1. Field of the Invention
Aspects of the present invention relate to a niobium oxide-containing electrode and a lithium battery including the niobium oxide-containing electrode. More particularly, aspects of the present invention relate to a niobium oxide-containing electrode that has a high capacity and high-rate characteristics due to niobium oxide and a lithium battery including the niobium oxide-containing electrode.
2. Description of the Related Art
Conventionally, metallic lithium is used as an anode active material in lithium batteries. However, when metallic lithium is used, dendrites may be formed inside the batteries, which can lead to short-circuits or battery explosion. To prevent these problems, carbonaceous material-containing anode active materials have been used instead of metallic lithium. Therefore, various kinds of carbonaceous material-containing anode active materials have been developed.
Many electronic devices, such as phones, digital cameras, and notebook computers, are manufactured as portable, wireless devices. Accordingly, demands for light-weight, small, and high energy density secondary batteries used as operating power sources have increased. Specifically research on non-aqueous electrolytic lithium batteries including a lithium-containing metal oxide having a voltage of 4V as a cathode active material and an anode active material capable of adsorbing or releasing lithium is being conducted to obtain a high voltage and high energy density battery.

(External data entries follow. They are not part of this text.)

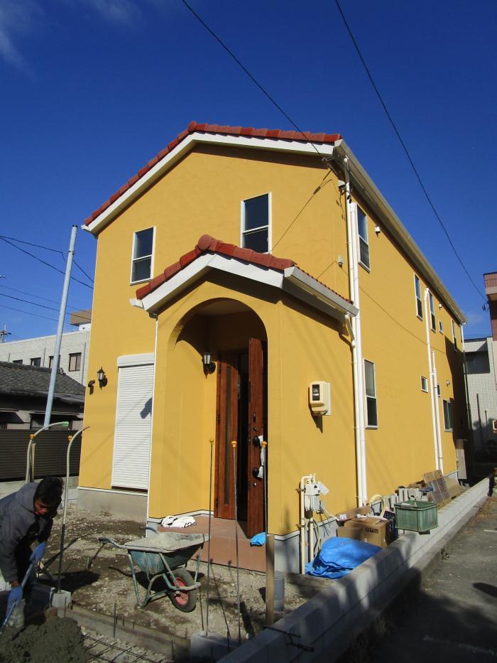 山吹色の塗り壁に、オレンジ色の洋瓦が印象的な、南欧風 外観です。
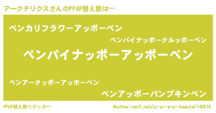 アークテリクスさんのPPAP替え歌は… 『ペンパイナッポーアッポーペン』『ペンカリフラワーアッポーペン』『ペンアッポーパンプキンペン』 ツクッター #PPAP替え歌ツクッター http://tkutter.nan7.net/pi-pi-e-pi-kaeuta/143016/
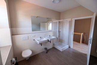 Badezimmer mit Doppelwaschtisch, Dusche und Wanne
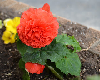 Accompanied by begonias. Why? Because begonias, that's why. Actually, just because they were there. Dad recently put them in his front planter, which he generally does every year. Mom usually had geraniums instead, but I'm not that big of a fan of geraniums because of the smell. I'm just as happy to see the begonias.
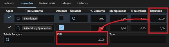 DGA: Seleção que informa se deve ou não considerar o desconto no DGA (Defeitos Gerais Agregados) para o tipo de desconto selecionado.
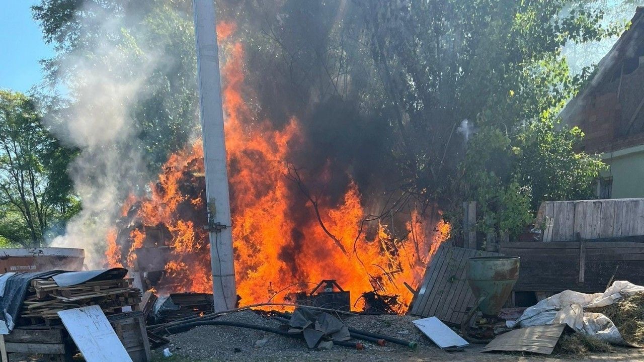 Bursa’nın İnegöl ilçesinde saman balyaları alev alev yandı.
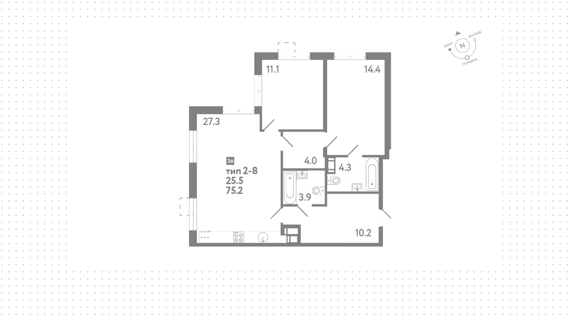 Квартиры c 2 спальнями, 75 м² в ЖК Струны, 23 этаж
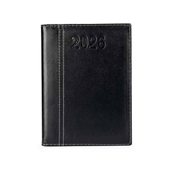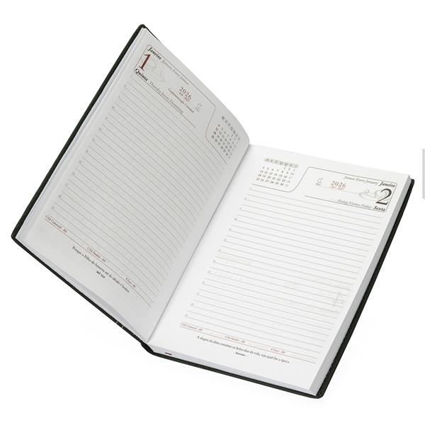 Agenda diária 2026 com capa em couro sintético e marca páginas em fita de cetim. Possui páginas dedicadas a dados pessoais, calendários de 2025 a 2027, lista de contatos, planejamento diário e mapas. OBS.: PEDIDOS APENAS MÚLTIPLOS DE 10 PEÇAS! Altura : 20 cm Largura : 14,6 cm Espessura : 2 cm Peso aproximado (g): 370
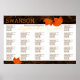 gráfico de assentos do casamento outono. Gráfico de grande tamanho de poster com folhas laranja e bordas de grãos de madeira rústicos. Grande texto para sobrenome e data de casamento. O texto é marrom-escuro. Assentos por sobrenome inicial ou por número/nome da tabela. Exclua as seções desnecessárias.
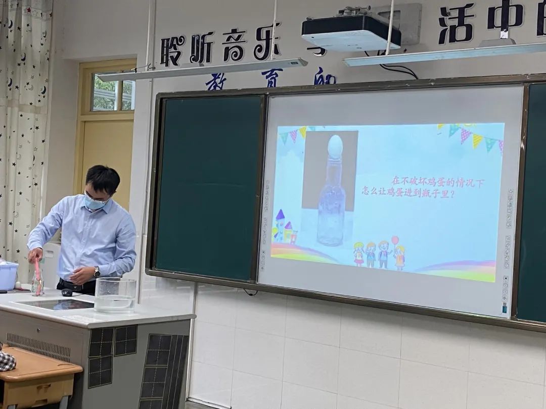 思考:在不破坏鸡蛋的情况下,我们怎么让鸡蛋进到瓶子里?
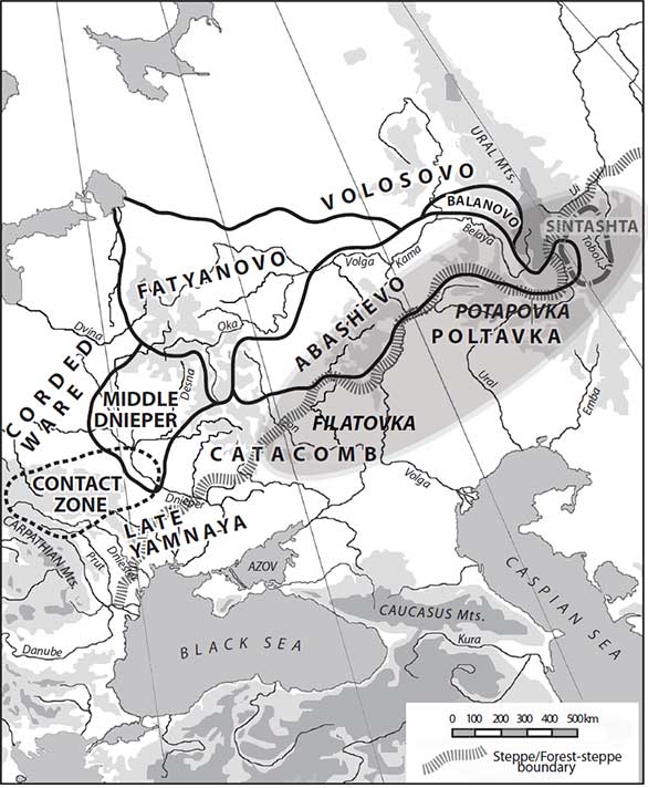 Late Middle Bronze Age cultures with the Proto-Indo-Iranian Sintashta-Potapovka-Filatovka group (shaded). After Anthony (2007 Figure 15.5), from Anthony (2016).
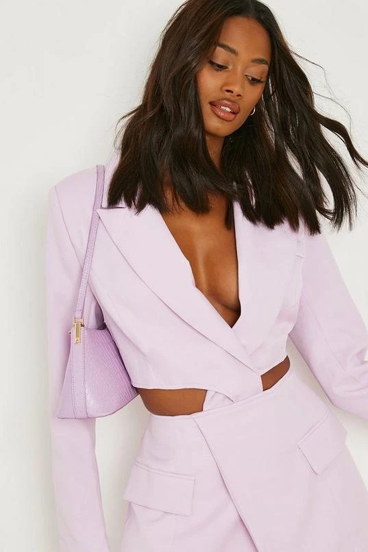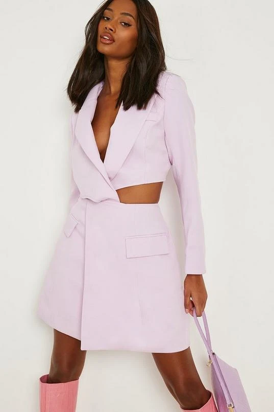 BOOHOO Tailored Tie Front Open Back Blazer Dress

However, no conventional active material has satisfied all requirements for use in lithium batteries. For example, an inexpensive and stable active material may have low conductivity, low capacity, and low energy density; and a highly conductive active material may have a complicated and expensive preparation process.

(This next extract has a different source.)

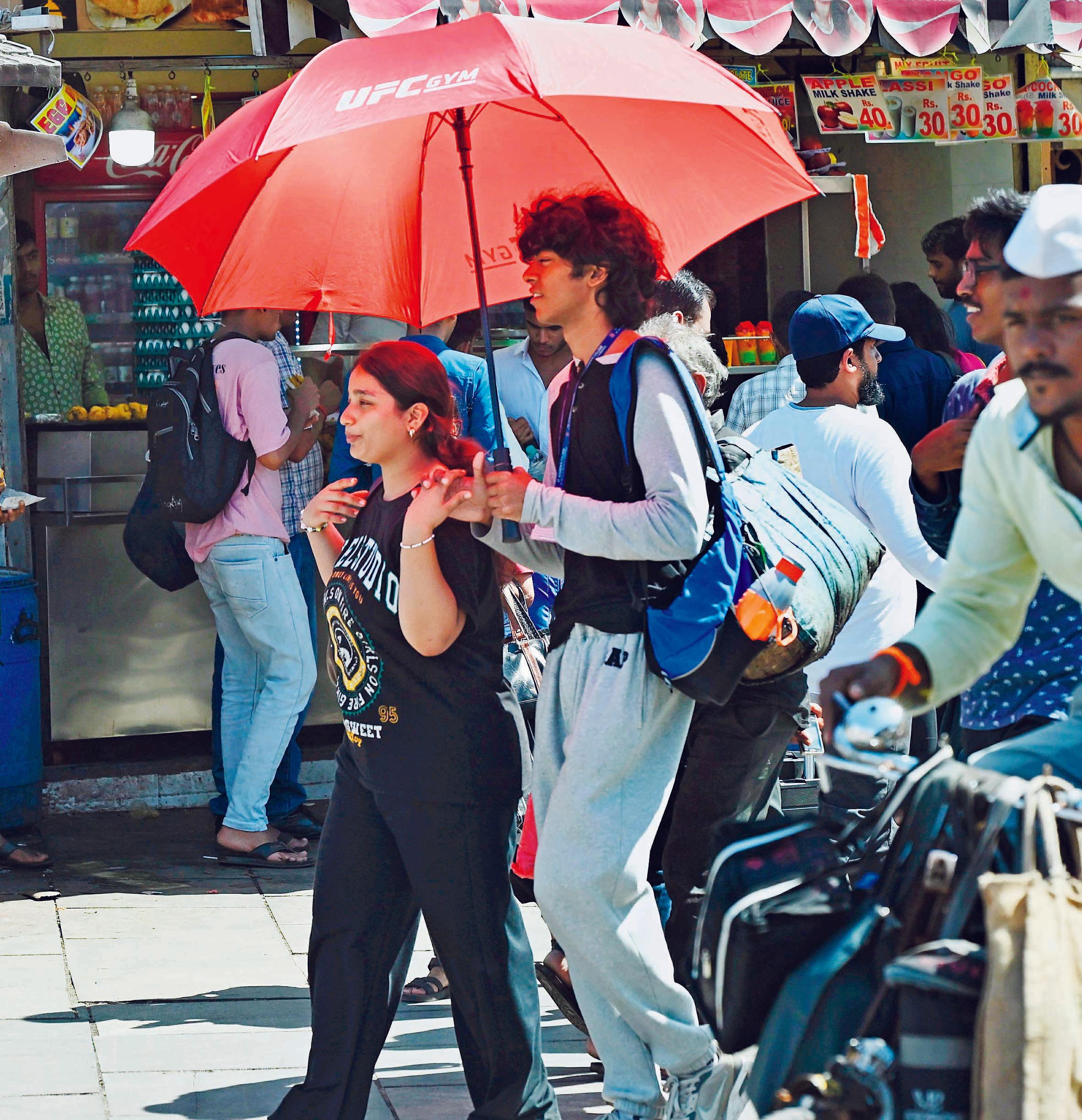મુંબઈમાં વરસાદ બંધ થાય ત્યારે મુંબઈગરાઓ ગરમીથી પરેશાન થઈ જાય છે. વાદળછાયું વાતાવરણ રહેવાને લીધે ઉકળાટ પણ વર્તાય છે. બુધવાર કરતાં ગઈ કાલે તાપમાનમાં સરેરાશ ૦.૫ સેલ્સિયસનો ઘટાડો થયો છે, પણ હજી ઠંડક શરૂ ન થવાથી ખાસ બપોરના સમયે લોકો તાપથી બચવા છત્રી, બૅગ કે થેલી જેવું હાથમાં જે હોય એનો સહારો લેતા જોવા મળ્યા હતા. મુંબઈમાં હવામાં ભેજનું પ્રમાણ સરેરાશ ૮૫ ટકા રહ્યું હતું એટલે બફારો પણ વધુ અનુભવાયો હતો. હવામાન ખાતાએ મુંબઈ અને આસપાસના વિસ્તારોમાં આગામી બે દિવસ યલો અલર્ટ એટલે કે સામાન્યથી ભારે વરસાદ પડવાની આગાહી કરી છે. જોકે મુંબઈગરાઓ વીક-એન્ડ હોવાથી વરસાદમાં પણ મન મૂકીને ગરબા કરવા તૈયાર છે. તસવીર : સૈયદ સમીર અબેદી
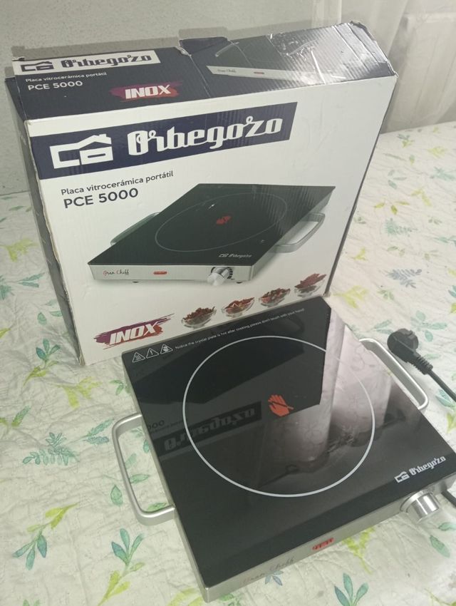 Detalles del productoPlaca vitrocerámica portátil de la marca Orbegozo, modelo PCE 5000.

Therefore, disadvantages of respective active materials should be addressed.
For example, Li4Ti5O12 is inexpensive and stable and is easily prepared. However, Li4Ti5O12 has low conductivity, and thus, has low initial efficiency and low capacity and energy density per volume. To address this problem, Li4Ti5O12 can be formed into nano-sized particles or in a form of a semi-conductive carbon complex, or Li+ or Ti4+ can be substituted with an metallic ion having a high oxidation number, such as V5+, Mn4+, Fe3+, Ni2+, Cr3+ or Mg2+.
However, there is still a desire to develop an active material having sufficient conductivity and an electrode including the active material.